The Korean Chuseok holiday, while called a holiday, is sometimes viewed as a chore. Some Koreans use the opportunity to skip town and take a long vacation — a true holiday — while others take off work and end up doing other work, sometimes taking extreme measures to avoid said work. Some things that immediately come to mind are preparing food all day, or the long, arduous drives down to the countryside to visit family.

In a survey conducted by the Gyeonggi-do Women’s Development Center earlier this year in January, 1,482 members were asked to name what about the holiday stresses them the most, and not surprising at all was the utter disparity of the answers from the women the men.

Taking the cake with 48.9 percent of the votes from married women was “Preparing food all day while my husband sits and watches television.” Next was “When my [in-laws] won’t send me home to my family or send me home late,” with 18.9 percent of the votes.
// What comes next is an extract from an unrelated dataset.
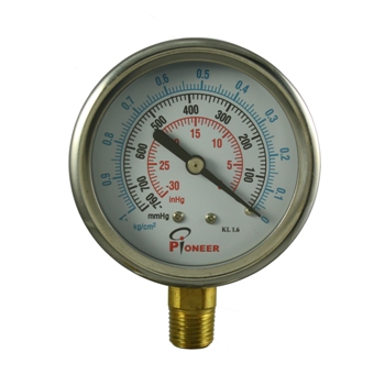 | 真空压力表由导压系统<包括接头,弹簧管(又称登管或波登管)阻尼镙钉>,齿轮传动机构,示数装置(指针与标度盘)和外壳部分(包括表壳,圈罩,表窗)组成,通过弹簧管的线性弹性变形的位移,传递压力到仪表的示数装置,从而达到量测的目的.真空压力是指低于大气压的负压力,真空压力表指示的压力值的值被称为真空度,真空压力表的量程较小,大仅为-0.1~0Mpa(Max). 选型参考: |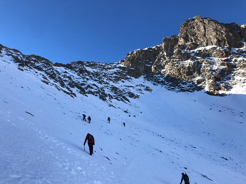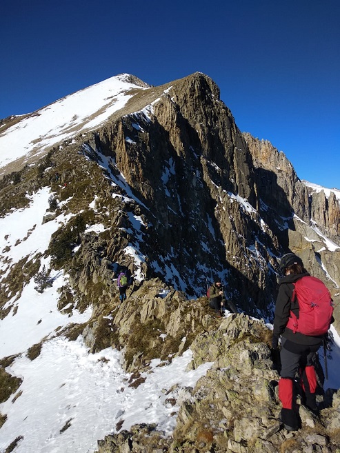 La neu estava perfecta per anar amb grampons, en fila índia, començàvem a pujar per la cara nord entre els dos Gra de Fajols. Quin dia aquell! Semblaven les rambles de Vallter amb tanta gent! Nosaltres ja n'érem un bon grapat!

With 13.6 percent and 12.5 percent of the votes, respectively, was “Being nagged about not supporting my husband enough,” and “When my husband sleeps all day when we’re with my family.”
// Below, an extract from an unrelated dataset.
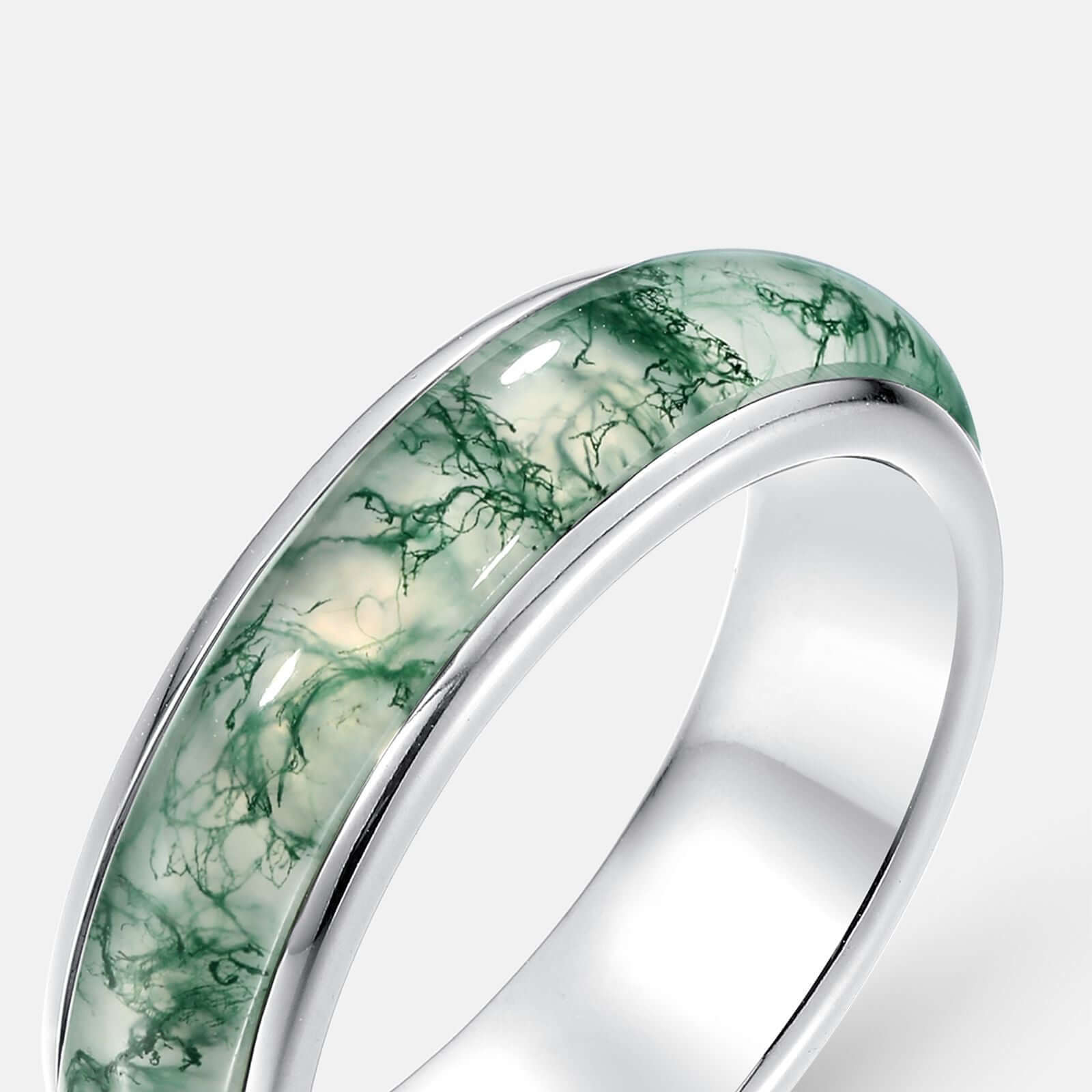 Fully Surrounded Moss Agate Ring

Men on the other hand, have other things on their minds, according to the survey. “Financial pressure resulting from huge expenditure during Chuseok” is on top of the list with 49.7 percent of the votes from married men. “Long-distance driving” and “My wife’s complaining” followed with 20.3 percent and 16.9 percent.

About 30 percent of both men and women said that the Chuseok holiday actually results in conflict, either with their spouse or between mother- and daughter-in-law.

Possibly in part due to these types of widespread complaints, the Chuseok holiday is changing a lot. When the survey participants were asked what about Chuseok has changed the most, 48.4 percent said the number of family members that gather has decreased, and not as many relatives visit. 

Other changes include less food preparation, smaller ancestral rites or omission of the ceremony altogether, men helping with food preparation, etc.